Didn't Varg also say that he plugged a fuzz straight into a home stereo as well?


----------



## Spaced Out Ace (Jan 10, 2015)

KailM said:


> I'm kind of late to the party on this one -- but my take is that for black metal, you just use what you have. I happen to have a 6505+ and it sounds amazing for BM. I think the "lofi/no bass/gain to 11" days have passed. It's been done. A lot of newer bands + older BM bands recording new material are actually using "decent" tone these days. Immortal's last few albums had what I consider "good" tone (tone that non-BM fans might actually enjoy). Yet the music is in no way less "kvlt."
> 
> It's really A LOT more about the playing style/techniques than anything. I write a lot of BM stuff -- *and there have been times where I've switched the amp over to clean and was astonished to discover that it still really sounds like black metal...*
> 
> Just my opinions, obviously.



You may've just created a new sub-sub genre of Black Metal.


----------



## p4vl (Apr 9, 2015)

Up from the tombs it comes...



minorseventh said:


> Euronymous a played a Les Paul into a JCM 800 with Mayhem.

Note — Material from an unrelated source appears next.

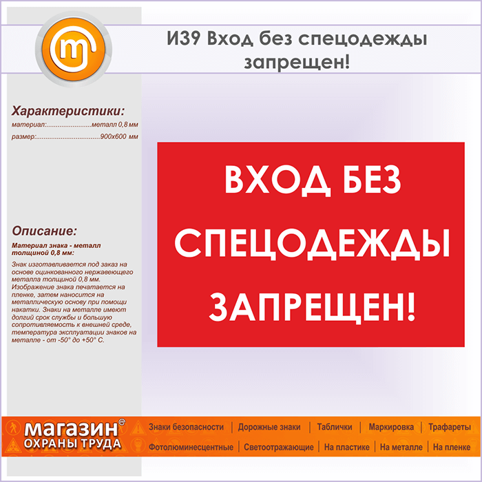 Знак «Вход без спецодежды запрещен!», И39 (металл, 900х600 мм) в Краснодаре купить

There are 800's and there are 800's. Euro played a '76 LP into an '81 JCM800 Superlead w/4 inputs (not a 2203 like every other thrash band used, more like a plexi w/several early 80's upgrades). 

Later on, he replaced his LP's stock T-Top bridge with something like a Super Distortion (around the time of that delightful tour of Eastern Germany). So the chain towards the end of his life was: LP into Overdrive (possibly an arion OD, possibly a ts9) into Arion Metal Master into Marshall. And who in the hell knows what goodies were available at Grieghallen, so it's useless to speculate unless you talk to Pytten.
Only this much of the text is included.